# Word Vectors using pre-trained Word2Vec

The purpose of this exercise is to find analogies such as `king - man = queen - woman`, and nearest neighbors, using a pre-trained Word2Vec word vectors from https://github.com/mmihaltz/word2vec-GoogleNews-vectors

In [1]:
# We need this library to be able to parse the binary
# pre-trained Word2Vec GoogleNews
from gensim.models import KeyedVectors

Next we're gonna open and parse a massive file containing 3 million words and phrases, D = 300

In [2]:
# 3 million words and phrases
# D = 300

print('Parsing GoogleNews-vectors-negative300.bin...')
word_vectors = KeyedVectors.load_word2vec_format(
  'GoogleNews-vectors-negative300.bin',
  binary=True
)
print('Done!!')

Parsing GoogleNews-vectors-negative300.bin...
Done!!


In [3]:
def find_analogies(w1, w2, w3):
    r = word_vectors.most_similar(positive=[w1, w3], negative=[w2])
    print("%s - %s = %s - %s" % (w1, w2, r[0][0], w3))

In [4]:
def nearest_neighbors(w):
    r = word_vectors.most_similar(positive=[w])
    print("neighbors of: %s" % w)
    for word, score in r:
        print("\t%s" % word)

### Finding analogies

In [5]:
find_analogies('king', 'man', 'woman')
find_analogies('france', 'paris', 'london')
find_analogies('france', 'paris', 'rome')
find_analogies('paris', 'france', 'italy')
find_analogies('france', 'french', 'english')
find_analogies('japan', 'japanese', 'chinese')
find_analogies('japan', 'japanese', 'italian')
find_analogies('japan', 'japanese', 'australian')
find_analogies('december', 'november', 'june')
find_analogies('miami', 'florida', 'texas')
find_analogies('einstein', 'scientist', 'painter')
find_analogies('china', 'rice', 'bread')
find_analogies('man', 'woman', 'she')
find_analogies('man', 'woman', 'aunt')
find_analogies('man', 'woman', 'sister')
find_analogies('man', 'woman', 'wife')
find_analogies('man', 'woman', 'actress')
find_analogies('man', 'woman', 'mother')
find_analogies('heir', 'heiress', 'princess')
find_analogies('nephew', 'niece', 'aunt')
find_analogies('france', 'paris', 'tokyo')
find_analogies('france', 'paris', 'beijing')
find_analogies('february', 'january', 'november')
find_analogies('france', 'paris', 'rome')
find_analogies('paris', 'france', 'italy')

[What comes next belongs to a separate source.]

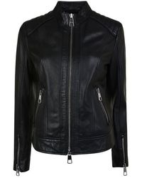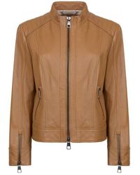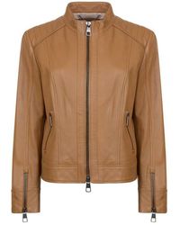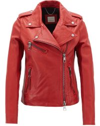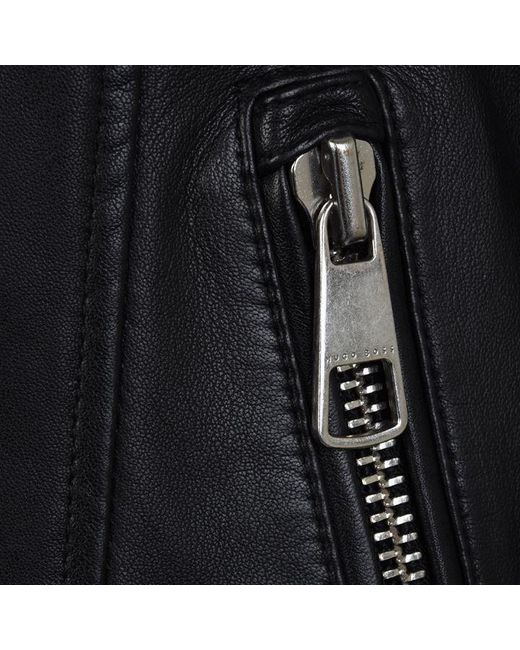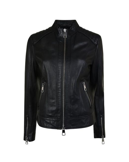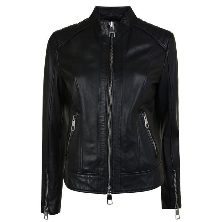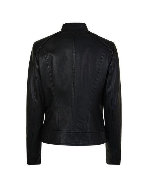 Complete your everyday ensemble with this biker lambskin nappa leather jacket from BOSS. Designed in a contemporary biker style, this piece is crafted entirely of lambskin nappa and boasts quilted ribbed detailing to the shoulders and zips to the cuffs. Featuring a branded hardware central zip fastening, this stylish piece features a stand collar and two zip pockets, a perfect addition to your wardrobe. Size selection: European sizing (Standard sizing)Fits true to size, take your normal sizeRegular fit100% lamb leather Lining: 52% polyester, 48% viscoseSleeve lining: 100% polyesterGentle chemical dry cleaning Black 36 (8). Colour: black

king - man = queen - woman
france - paris = england - london
france - paris = italy - rome
paris - france = lohan - italy
france - french = england - english
japan - japanese = tibet - chinese
japan - japanese = italy - italian
japan - japanese = queensland - australian
december - november = september - june
miami - florida = dallas - texas
einstein - scientist = jude - painter
china - rice = dinnerware - bread
man - woman = he - she
man - woman = uncle - aunt
man - woman = brother - sister
man - woman = son - wife
man - woman = actor - actress
man - woman = father - mother
heir - heiress = prince - princess
nephew - niece = uncle - aunt
france - paris = japan - tokyo
france - paris = chinese - beijing
february - january = april - november
france - paris = italy - rome
paris - france = lohan - italy


### Finding nearest neighbords

In [6]:
nearest_neighbors('king')
nearest_neighbors('france')
nearest_neighbors('japan')
nearest_neighbors('einstein')
nearest_neighbors('woman')
nearest_neighbors('nephew')
nearest_neighbors('february')
nearest_neighbors('rome')

neighbors of: king
	kings
	queen
	monarch
	crown_prince
	prince
	sultan
	ruler
	princes
	Prince_Paras
	throne
neighbors of: france
	spain
	french
	germany
	europe
	italy
	england
	european
	belgium
	usa
	serbia
neighbors of: japan
	japanese
	tokyo
	america
	europe
	germany
	chinese
	india
	hawaii
	usa
	korea
neighbors of: einstein
	nikki
	lmfao
	albert
	armstrong
	joan
	becky
	mcmahon
	conrad
	lori
	haley
neighbors of: woman
	man
	girl
	teenage_girl
	teenager
	lady
	teenaged_girl
	mother
	policewoman
	boy
	Woman
neighbors of: nephew
	son
	uncle
	brother
	grandson
	cousin
	father
	niece
	younger_brother
	nephews
	stepson
neighbors of: february
	january
	april
	september
	december
	july
	october
	november
	june
	feb
	norway
neighbors of: rome
	athens
	albert
	holmes
	donnie
	italy
	toni
	spain
	jh
	pablo
	malta